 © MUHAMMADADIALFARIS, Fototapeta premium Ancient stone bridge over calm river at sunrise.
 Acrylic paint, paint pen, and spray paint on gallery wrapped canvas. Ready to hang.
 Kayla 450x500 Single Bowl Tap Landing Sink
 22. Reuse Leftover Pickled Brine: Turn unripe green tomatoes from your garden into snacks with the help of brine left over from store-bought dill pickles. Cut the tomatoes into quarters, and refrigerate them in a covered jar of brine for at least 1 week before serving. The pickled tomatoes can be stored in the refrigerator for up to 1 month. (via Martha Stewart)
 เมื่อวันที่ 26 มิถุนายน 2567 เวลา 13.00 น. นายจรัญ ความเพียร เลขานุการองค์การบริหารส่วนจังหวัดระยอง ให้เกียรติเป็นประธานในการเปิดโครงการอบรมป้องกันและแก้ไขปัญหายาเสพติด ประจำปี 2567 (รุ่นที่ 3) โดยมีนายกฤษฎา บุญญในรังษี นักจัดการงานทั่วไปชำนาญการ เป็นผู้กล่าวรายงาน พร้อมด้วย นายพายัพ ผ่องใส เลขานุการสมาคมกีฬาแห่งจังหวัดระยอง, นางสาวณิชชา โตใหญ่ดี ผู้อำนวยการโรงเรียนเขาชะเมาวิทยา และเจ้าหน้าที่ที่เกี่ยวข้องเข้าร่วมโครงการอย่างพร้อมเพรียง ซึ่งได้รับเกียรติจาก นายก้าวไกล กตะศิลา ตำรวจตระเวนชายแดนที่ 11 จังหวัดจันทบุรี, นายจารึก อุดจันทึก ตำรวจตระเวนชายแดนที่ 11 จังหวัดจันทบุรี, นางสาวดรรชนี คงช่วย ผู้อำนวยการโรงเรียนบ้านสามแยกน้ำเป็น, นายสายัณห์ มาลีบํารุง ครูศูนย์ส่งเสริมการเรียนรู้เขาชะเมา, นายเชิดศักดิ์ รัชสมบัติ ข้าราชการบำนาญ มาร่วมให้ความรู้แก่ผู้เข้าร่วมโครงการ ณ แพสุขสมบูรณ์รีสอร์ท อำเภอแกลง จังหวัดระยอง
==
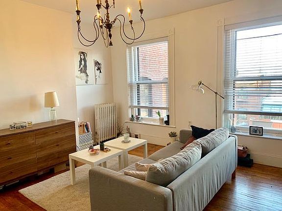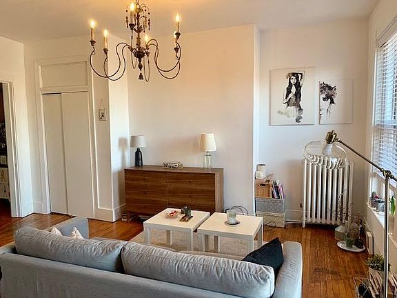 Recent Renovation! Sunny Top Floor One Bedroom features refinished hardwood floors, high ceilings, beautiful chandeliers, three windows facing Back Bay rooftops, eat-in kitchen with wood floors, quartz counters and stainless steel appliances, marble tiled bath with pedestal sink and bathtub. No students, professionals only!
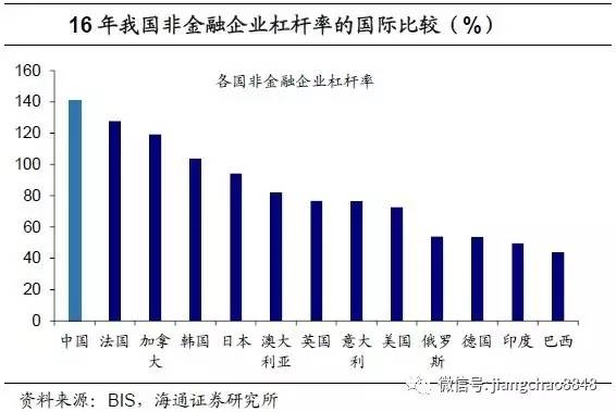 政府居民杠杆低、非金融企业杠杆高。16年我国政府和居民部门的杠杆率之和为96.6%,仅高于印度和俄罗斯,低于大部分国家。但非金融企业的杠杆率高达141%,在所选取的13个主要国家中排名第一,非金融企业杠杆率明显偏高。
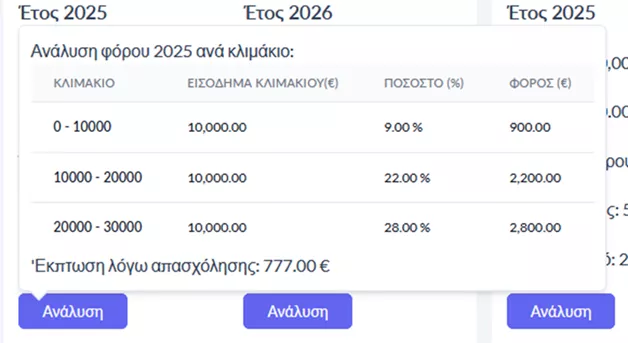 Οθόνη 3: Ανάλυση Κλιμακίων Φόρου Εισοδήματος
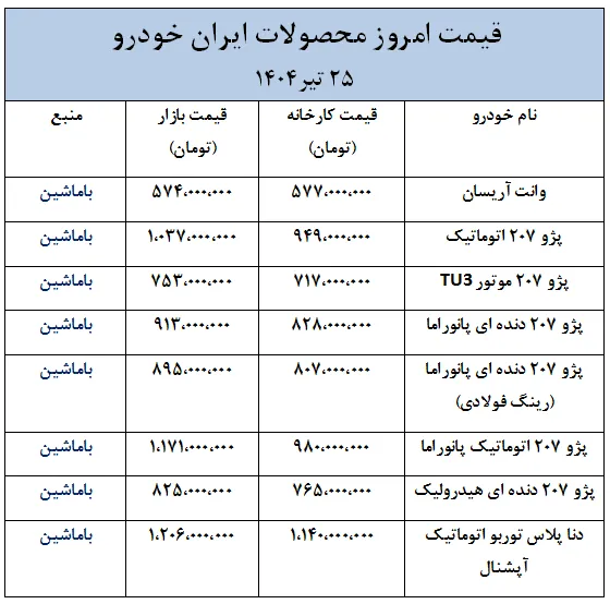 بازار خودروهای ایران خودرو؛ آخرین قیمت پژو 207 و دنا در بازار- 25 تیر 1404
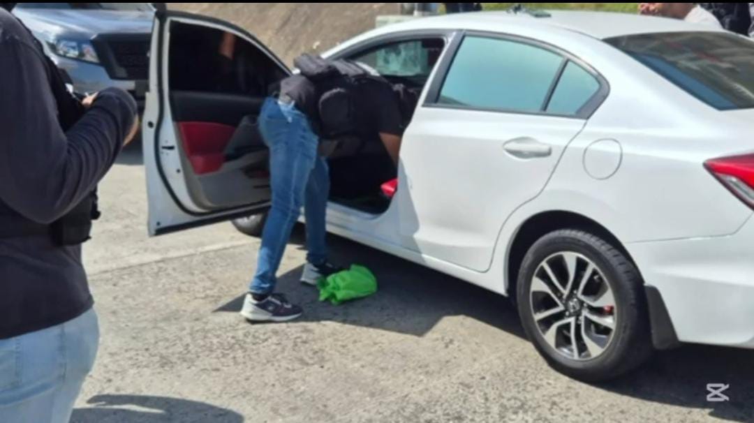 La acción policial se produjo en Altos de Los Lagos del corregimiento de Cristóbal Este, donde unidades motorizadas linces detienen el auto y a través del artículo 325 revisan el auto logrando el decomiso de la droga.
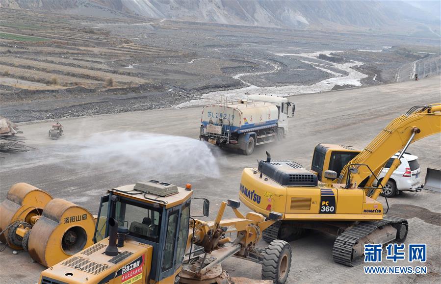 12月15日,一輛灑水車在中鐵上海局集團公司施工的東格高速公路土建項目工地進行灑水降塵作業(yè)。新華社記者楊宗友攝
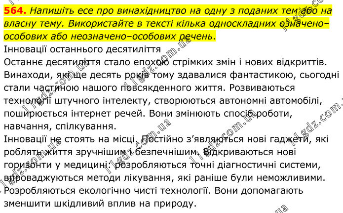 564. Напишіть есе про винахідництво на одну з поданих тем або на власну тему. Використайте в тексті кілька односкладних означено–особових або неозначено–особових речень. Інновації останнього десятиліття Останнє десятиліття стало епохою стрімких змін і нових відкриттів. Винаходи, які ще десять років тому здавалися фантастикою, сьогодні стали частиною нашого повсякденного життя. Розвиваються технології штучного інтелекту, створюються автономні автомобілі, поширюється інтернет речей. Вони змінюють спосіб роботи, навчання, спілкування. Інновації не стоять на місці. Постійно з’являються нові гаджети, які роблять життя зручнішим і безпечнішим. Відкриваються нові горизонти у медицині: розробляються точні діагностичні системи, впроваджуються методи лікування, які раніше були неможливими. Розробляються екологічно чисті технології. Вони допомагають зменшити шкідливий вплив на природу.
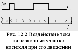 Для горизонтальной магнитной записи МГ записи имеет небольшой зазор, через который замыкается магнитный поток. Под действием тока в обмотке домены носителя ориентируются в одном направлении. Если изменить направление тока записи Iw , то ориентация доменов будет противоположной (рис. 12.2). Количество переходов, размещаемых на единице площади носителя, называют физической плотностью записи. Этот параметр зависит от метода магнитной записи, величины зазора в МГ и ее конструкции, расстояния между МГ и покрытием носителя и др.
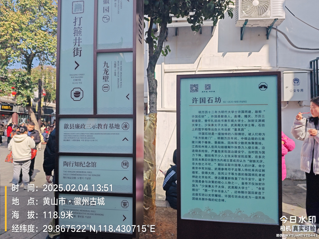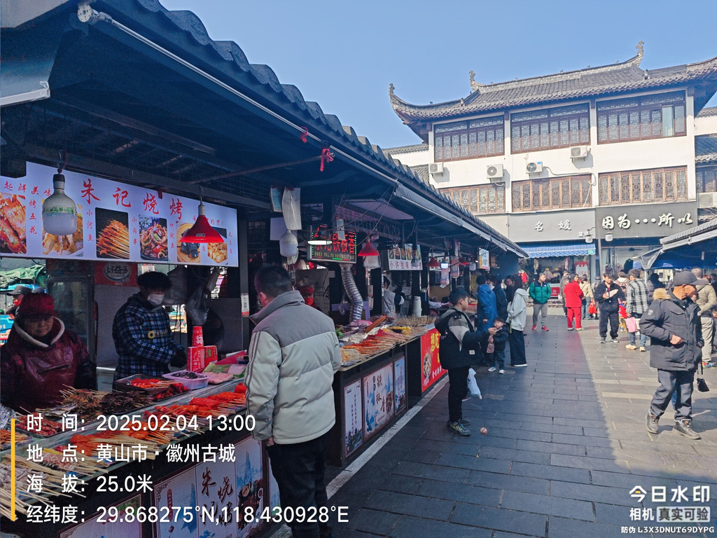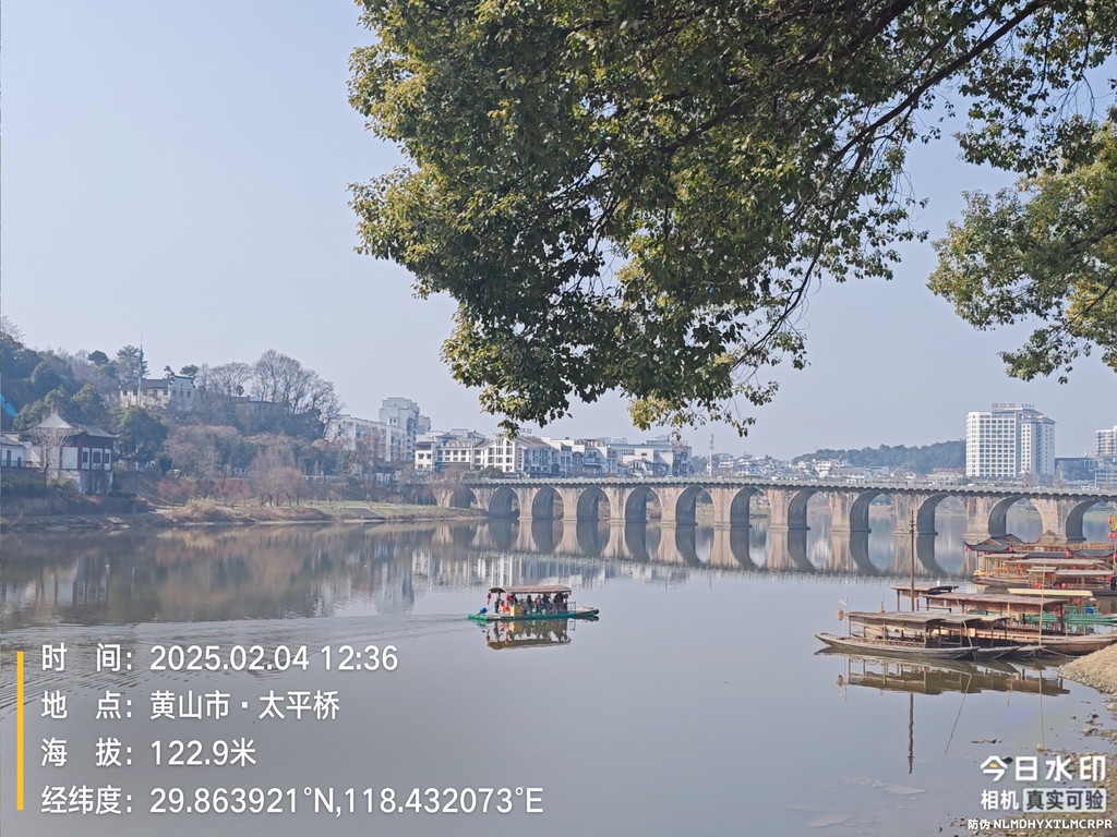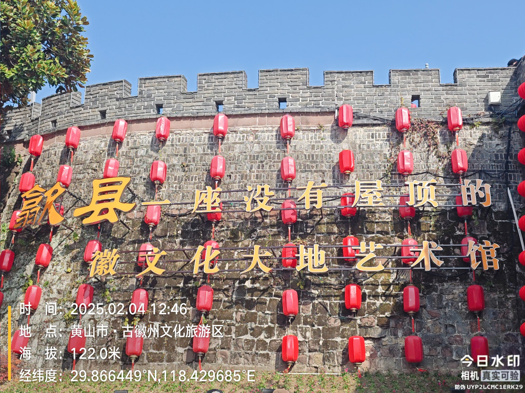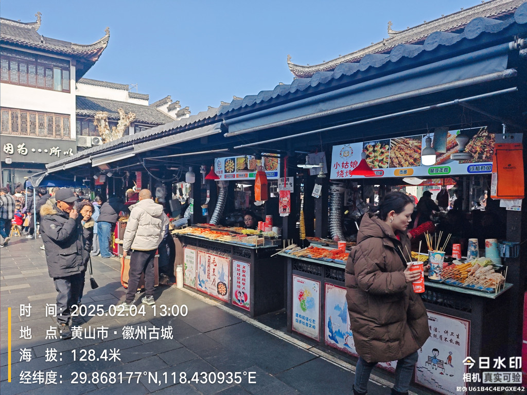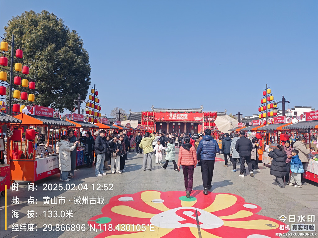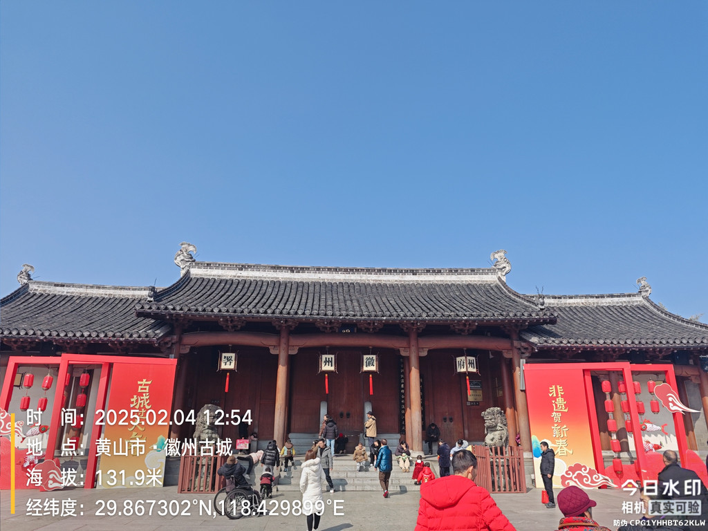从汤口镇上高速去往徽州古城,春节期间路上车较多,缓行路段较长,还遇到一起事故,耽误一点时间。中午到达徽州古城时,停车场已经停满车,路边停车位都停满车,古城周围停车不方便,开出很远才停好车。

● **Work item**:
Return the lines above from the one with "564. Напишіть есе" through the one with "从汤口镇上高速去往徽州古城,春节期间路上", verbatim and nothing else. Omit every picture.

● **The answer**:
 564. Напишіть есе про винахідництво на одну з поданих тем або на власну тему. Використайте в тексті кілька односкладних означено–особових або неозначено–особових речень. Інновації останнього десятиліття Останнє десятиліття стало епохою стрімких змін і нових відкриттів. Винаходи, які ще десять років тому здавалися фантастикою, сьогодні стали частиною нашого повсякденного життя. Розвиваються технології штучного інтелекту, створюються автономні автомобілі, поширюється інтернет речей. Вони змінюють спосіб роботи, навчання, спілкування. Інновації не стоять на місці. Постійно з’являються нові гаджети, які роблять життя зручнішим і безпечнішим. Відкриваються нові горизонти у медицині: розробляються точні діагностичні системи, впроваджуються методи лікування, які раніше були неможливими. Розробляються екологічно чисті технології. Вони допомагають зменшити шкідливий вплив на природу.
 Для горизонтальной магнитной записи МГ записи имеет небольшой зазор, через который замыкается магнитный поток. Под действием тока в обмотке домены носителя ориентируются в одном направлении. Если изменить направление тока записи Iw , то ориентация доменов будет противоположной (рис. 12.2). Количество переходов, размещаемых на единице площади носителя, называют физической плотностью записи. Этот параметр зависит от метода магнитной записи, величины зазора в МГ и ее конструкции, расстояния между МГ и покрытием носителя и др.
从汤口镇上高速去往徽州古城,春节期间路上车较多,缓行路段较长,还遇到一起事故,耽误一点时间。中午到达徽州古城时,停车场已经停满车,路边停车位都停满车,古城周围停车不方便,开出很远才停好车。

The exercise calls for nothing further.